» **GOAL OF THE EXERCISE**
In the data below, find the line with "Peperomia argyreia or" and output it along with every later line, exactly, but not the pictures.

» **SOURCE DATA**
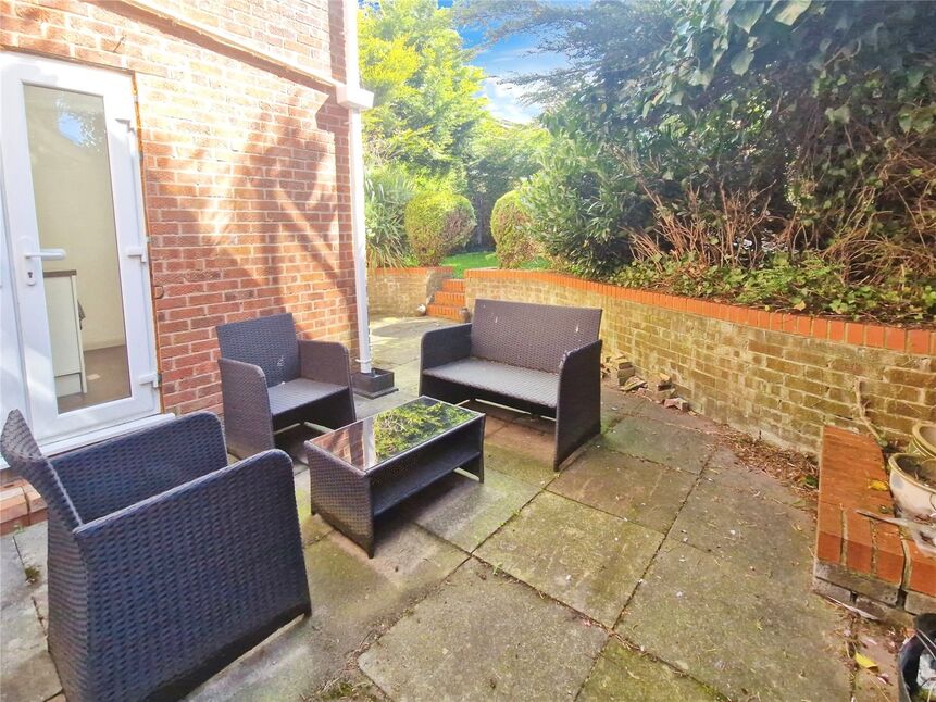 Secluded family garden with patio seating area, lawn and mature shrub and tree borders.
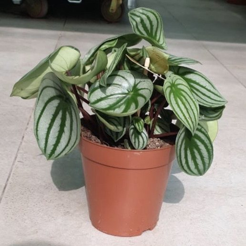 Peperomia argyreia or Watermelon Peperomia is an evergreen flowering perennial plant. Native to Florida, Mexico and the Caribbean. For the size of this plant as a whole the leaves are fairly large. These peltate leaves (stem attached centrally) are kind of oval in shape and display an outstanding mixture of green and silver stripes. The leaves have a fleshy feel to them that are attached to thin non-woody red stems. Most of the Peperomias are easy enough to grow indoors in containers. Humidity and light are important. Windowsills and conservatories are ideal places to display this plant. Light is an important while finding a spot indoors to grow a Water melon Peperomia.
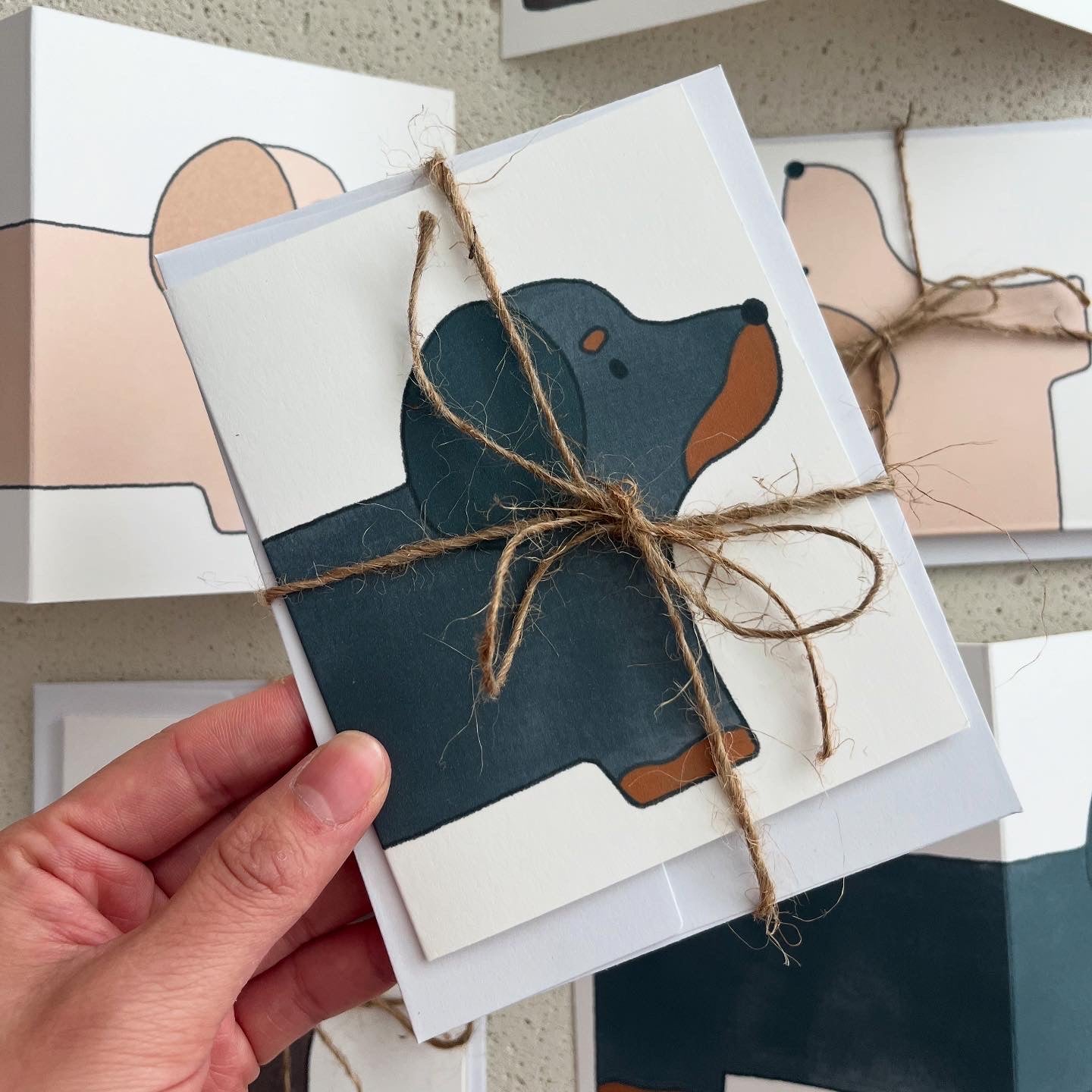 A2 size greeting card featuring a sweet dachshund head on the front, booty on the back!

» **EXERCISE RESPONSE**
 Peperomia argyreia or Watermelon Peperomia is an evergreen flowering perennial plant. Native to Florida, Mexico and the Caribbean. For the size of this plant as a whole the leaves are fairly large. These peltate leaves (stem attached centrally) are kind of oval in shape and display an outstanding mixture of green and silver stripes. The leaves have a fleshy feel to them that are attached to thin non-woody red stems. Most of the Peperomias are easy enough to grow indoors in containers. Humidity and light are important. Windowsills and conservatories are ideal places to display this plant. Light is an important while finding a spot indoors to grow a Water melon Peperomia.
 A2 size greeting card featuring a sweet dachshund head on the front, booty on the back!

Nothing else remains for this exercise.